The CBN said it engaged Deloitte to investigate the situation in an effort to get a clear and accurate understanding of the forex claims.

“We had reasons to believe we needed to take a harder look at these obligations. So we contracted Deloitte management consultants to do forensics of all these obligations and to actually tell us what was valid and what was not,” Cardoso said.

This revelation comes after seven years of concealing the audited accounts of the CBN from public knowledge.

Last year, during the release of the audited accounts, it was disclosed that there was a $7 billion backlog of unmet dollar demand from investors and currency users. This backlog has cast a shadow over the market and, if not addressed promptly, could further weaken the naira, causing it to experience a continued free fall against the dollar.

Nigeria has been grappling with a prolonged foreign exchange (FX) crisis that has significantly impacted its economic stability. This backlog created an overhang in the market, contributing to the depreciation of the naira against the dollar and causing concerns among investors and the public.
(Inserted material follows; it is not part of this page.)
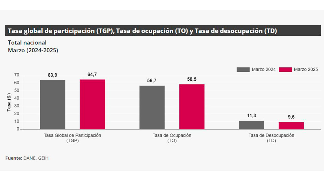 El desempleo en marzo de 2025 disminuyó 1,7 puntos porcentuales frente al mismo mes del año pasado y se ubicó en 9,6 % desde el 11,3 % de 2023. Esto significa una variación absoluta de 1’057.000 personas ocupadas, reveló el Departamento Administrativo Nacional de Estadísticas – DANE.

The revelation of such a substantial backlog hinted at deep-seated issues within Nigeria’s foreign exchange system, prompting the need for a comprehensive investigation.
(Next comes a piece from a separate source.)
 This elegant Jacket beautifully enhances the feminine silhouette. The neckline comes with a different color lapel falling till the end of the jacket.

The Deloitte report revealed that a significant portion of the backlog, amounting to $2.4 billion, comprised false claims. In some instances, claimants were unable to provide valid import documents, while in other cases, entities making the claims were found not to exist.
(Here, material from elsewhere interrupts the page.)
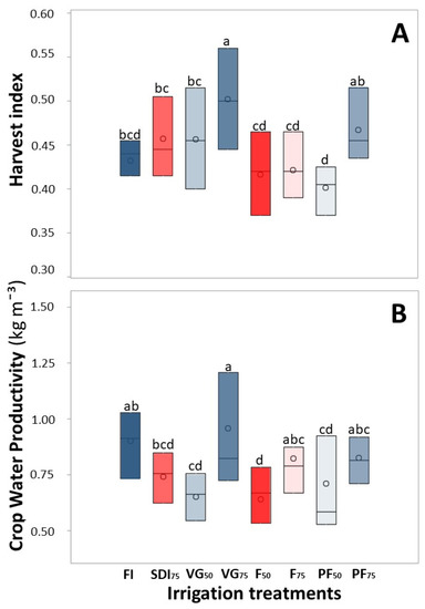 (A) Harvest index and (B) crop water productivity of chickpeas under different irrigation treatments in Todos Santos, Baja California Sur, Mexico. Vegetative growth (VG), flowering (F), and pod-filling (PF) stages. RDI = regulated deficit irrigation. FI = full irrigation application of 100% ETc during VG, F, and PF. SDI75 = sustained deficit irrigation applying 75% of ETc during VG, F, and PF. VG50 = RDI applying irrigation equivalent to 50% of ETc in VG. VG75 = RDI applying irrigation equivalent to 75% of ETc in VG. F50 = RDI applying irrigation equivalent to 50% of ETc in F. F75 = RDI applying irrigation equivalent to 75% of ETc in F. PF50 = RDI applying irrigation equivalent to 50% of ETc in PF. PF75 = RDI applying irrigation equivalent to 50% of ETc in PF. abcd Different letter among treatments indicates statistical significance (p ≤ 0.05, LSD). More intense blue in box plot indicates higher total irrigation volume, and more intense red in box plot indicates lower total irrigation volume.

“The result that came out of this was startling in a great respect. We discovered that of the roughly $7 billion, about $2.4 billion had issues, which we believe had no business being there, and the infractions on that ranged from so many things, for example not having valid import documents and in some cases entities that do not exist,” Cardoso said, expressing concern over the shady deals that were unearthed during the audit.

Cardoso revealed that not only did entities that didn’t exist receive allocations, but some entities received more than they initially requested, adding another layer of complexity to the already dire situation. In a startling admission, he stated, “Entities did not exist but got allocations. Entities who asked for FX got more than they asked. Entities that did not ask got allocations.”

The central bank governor said the CBN wrote to the authorized dealer to explain. Sadly, ‘much has not been disputed.’

Despite the alarming irregularities, Cardoso emphasized progress in addressing the FX crisis, revealing that $2.3 billion of the validly executed claims, including those from airlines, have been cleared. However, challenges persist as $2.2 billion of questionable claims remain unresolved. Cardoso expressed confidence in addressing these outstanding issues but admitted, “We have come to the end of the road.”

The revelation of these irregularities has added to the existing pressure on the naira, with concerns over its undervaluation. Cardoso stated that the naira remains undervalued, and emphasized the need for comprehensive measures to stabilize the currency.

The audit report raises concerns about the integrity of the foreign exchange system and the need for stricter oversight to prevent such incidents in the future. The implications of these invalid claims are severe, as they contribute to the existing pressure on the naira and exacerbate the challenges faced by the Nigerian economy.

Investors and currency users are now closely monitoring the central bank’s response to address the backlog and restore confidence in the foreign exchange market.

Anti-graft advocates said the uncovering of these false claims denotes the urgency for regulatory reforms and enhanced transparency within Nigeria’s financial system. Stakeholders are calling for accountability and swift actions to rectify the situation, ensuring the stability of the currency and fostering a transparent economic environment.

However, Cardoso expressed optimism about the future, assuring that the naira would stabilize. He said the CBN is confident that the issues will be addressed, assuring that the naira will stabilize. The assurance from the central bank governor aims to instill confidence in investors and the public, signaling a commitment to resolving the lingering FX crisis.